Remember But fundamental analysts who took the time to examine Oracle’s long-term trend were unfazed. If anything, 2002 results were the anomaly, a disruption in what had been many years of steady growth. By studying Oracle’s previous five years of operating income, fundamental analysts saw the company had grown by an compound annual growth rate, or CAGR, of 30.6 percent between fiscal 1997 (ended May 31, 1997) and fiscal 2001 (ended May 31, 2001). Table 17-1 shows how steady Oracle’s operating income had been leading up to the 2002 slowdown.

TABLE 17-1 Oracle’s Steady-As-She-Goes Results

Fiscal Year

Operating Income (in Millions)

1997

$1,299.8

1998

1,411.3

1999

1,872.9

2000

3,080

2001

3,777

Source: Data from S&P Global Market Intelligence

Technical Stuff Hopefully you’re wondering how I just calculated the CAGR, because I’m about to show you. Let’s take a break from our story to talk CAGR, which is a tool you’ll use when you want to see how a company’s growth has done over a period of time. CAGR is calculated using the same present value formula you discovered in Chapter 11, just rearranged a bit. The formula looks like:

CAGR = (Last amount ÷ Starting amount) ^ (1 ÷ Number of years)
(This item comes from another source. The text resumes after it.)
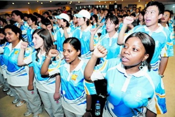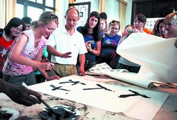 来自海外10所高校的292名北京奥运会海外媒体运行志愿者参加中国文化系列培训活动。 新华社记者 罗晓光摄

Yikes. I know what you’re thinking: That’s one ugly-looking formula. You’re right: It’s not going to win any beauty contests. But using the Oracle data as an example, it won’t be so bad. All you need to know is the:

  • Last amount: This is the financial result for the latest year that you’re studying. For Oracle, this is operating income for fiscal 2001, or $3,777.
  • Starting amount: Here is the starting financial amount. For Oracle, this is operating income for fiscal 1997, or $1,299.8.
  • Number of years: The sum of the years you’re calculating the average return. This is a little tricky. While we’re analyzing five years of Oracle’s financial history, there are really only four full years of growth: from 1997 to 1998, from 1998 to 1999, from 1999 to 2000 and from 2000 to 2001.
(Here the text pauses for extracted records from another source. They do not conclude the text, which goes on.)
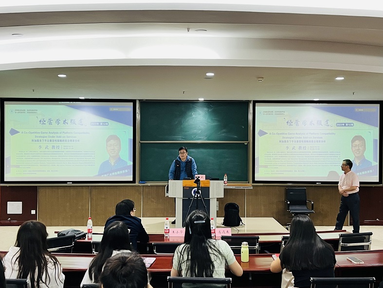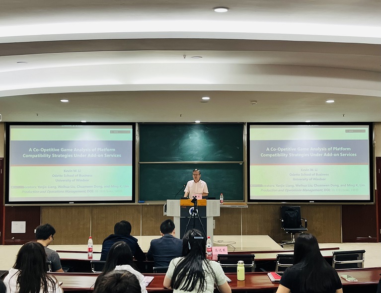 10月10日下午,加拿大温莎大学Odette商公司李武教授应学院邀请,于公司B201做了题为“附加服务下平台兼容性策略的竞合博弈分析”学术讲座。讲座由304永利集团副经理高远东教授主持,公司师生90余人参加了此次讲座。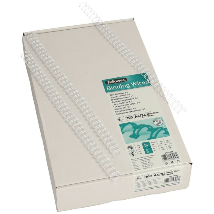 Drôtové hrebene Fellowes 8mm biele 3:1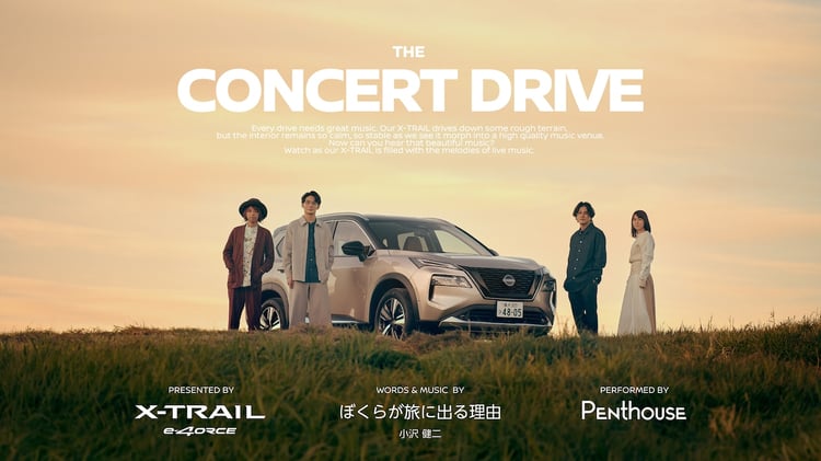 この動画でPenthouseは小沢健二の楽曲「ぼくらが旅に出る理由」をカバー。通常のオフロード走行では揺れて実現できないであろう車内での生演奏を可能にした「エクストレイル」の静粛性や走行安定性、そしてなめらかな走りを感じられるライブ演奏動画となっている。

The resulting formula looks like this:

CAGR = (3,777 ÷ 1,299.8) ^ (¼) – 1

After you run these numbers, you should come up with 0.306. To convert that into a percentage, 30.6 percent, simply multiply by 100. This means that Oracle’s operating income had been growing each year, on average, by a robust 30.6 percent.

Remember The ^ symbol tells you to take the number in the previous set of parentheses to a power. Most calculators will help you do this using a key, usually labeled yx.

If you and math just don’t get along, this might be another reason why you might want to invest in a financial calculator such as Hewlett-Packard’s HP 12C. The calculator can crunch these present-value problems down with just a few keystrokes.

Attempting to forecast the future using trends

Trying to forecast what a company might earn in the future is extremely difficult. Many Wall Street analysts get paid big bucks to attempt to forecast future revenue and profit.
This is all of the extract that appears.